### Your goal
Please return every line of the material verbatim and skip any images.

### Stored data
╭──
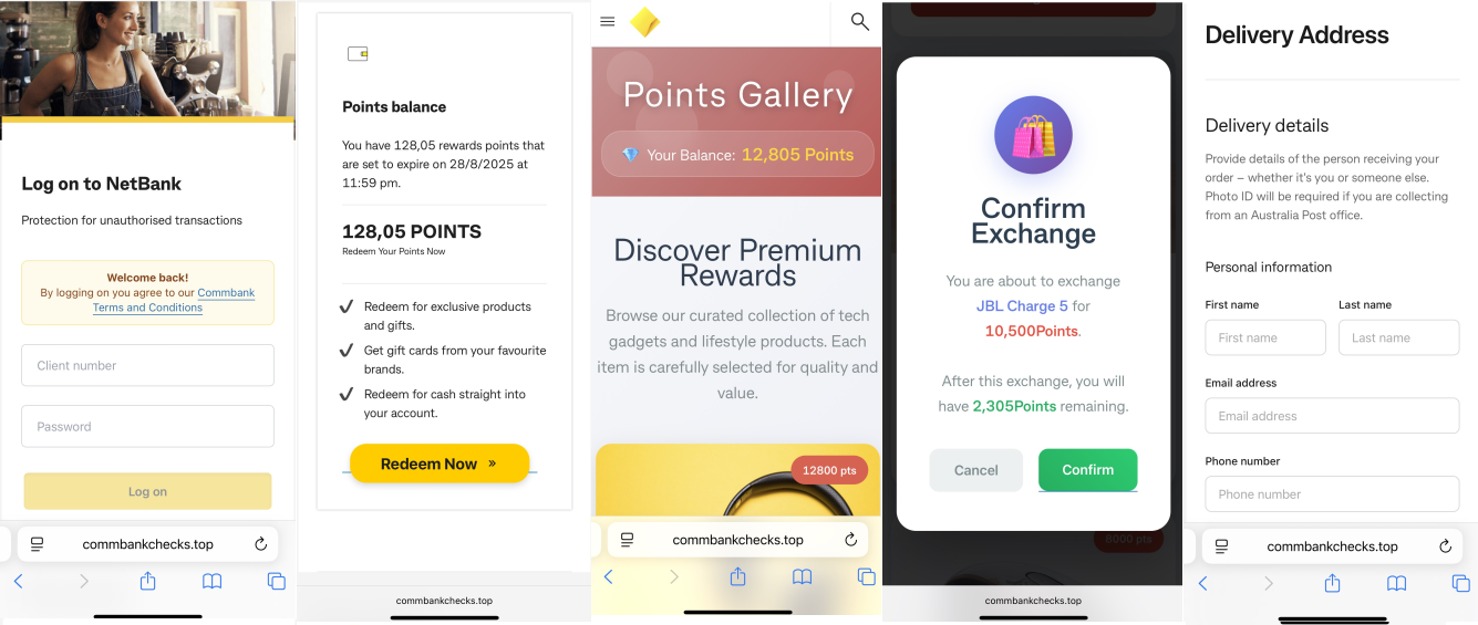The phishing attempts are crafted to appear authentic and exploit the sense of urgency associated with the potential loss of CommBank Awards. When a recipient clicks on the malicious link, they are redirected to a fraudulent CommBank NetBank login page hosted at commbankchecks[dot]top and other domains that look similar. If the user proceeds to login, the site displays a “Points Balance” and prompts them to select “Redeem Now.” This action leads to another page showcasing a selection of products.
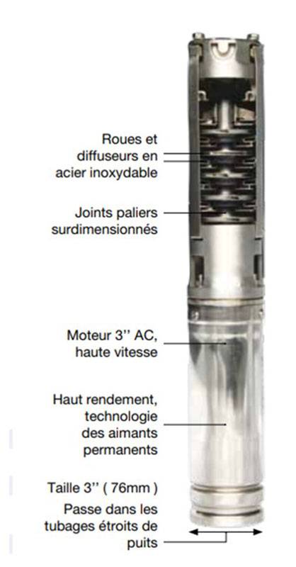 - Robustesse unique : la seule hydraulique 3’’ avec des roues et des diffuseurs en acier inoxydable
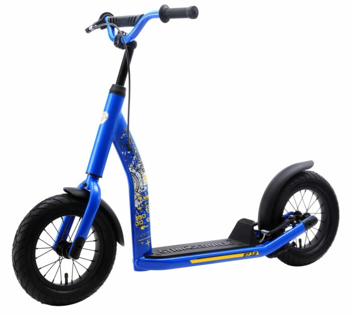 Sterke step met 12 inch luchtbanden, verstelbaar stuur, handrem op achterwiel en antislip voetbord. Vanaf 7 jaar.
╰──
### Exercise response
The phishing attempts are crafted to appear authentic and exploit the sense of urgency associated with the potential loss of CommBank Awards. When a recipient clicks on the malicious link, they are redirected to a fraudulent CommBank NetBank login page hosted at commbankchecks[dot]top and other domains that look similar. If the user proceeds to login, the site displays a “Points Balance” and prompts them to select “Redeem Now.” This action leads to another page showcasing a selection of products.
 - Robustesse unique : la seule hydraulique 3’’ avec des roues et des diffuseurs en acier inoxydable
 Sterke step met 12 inch luchtbanden, verstelbaar stuur, handrem op achterwiel en antislip voetbord. Vanaf 7 jaar.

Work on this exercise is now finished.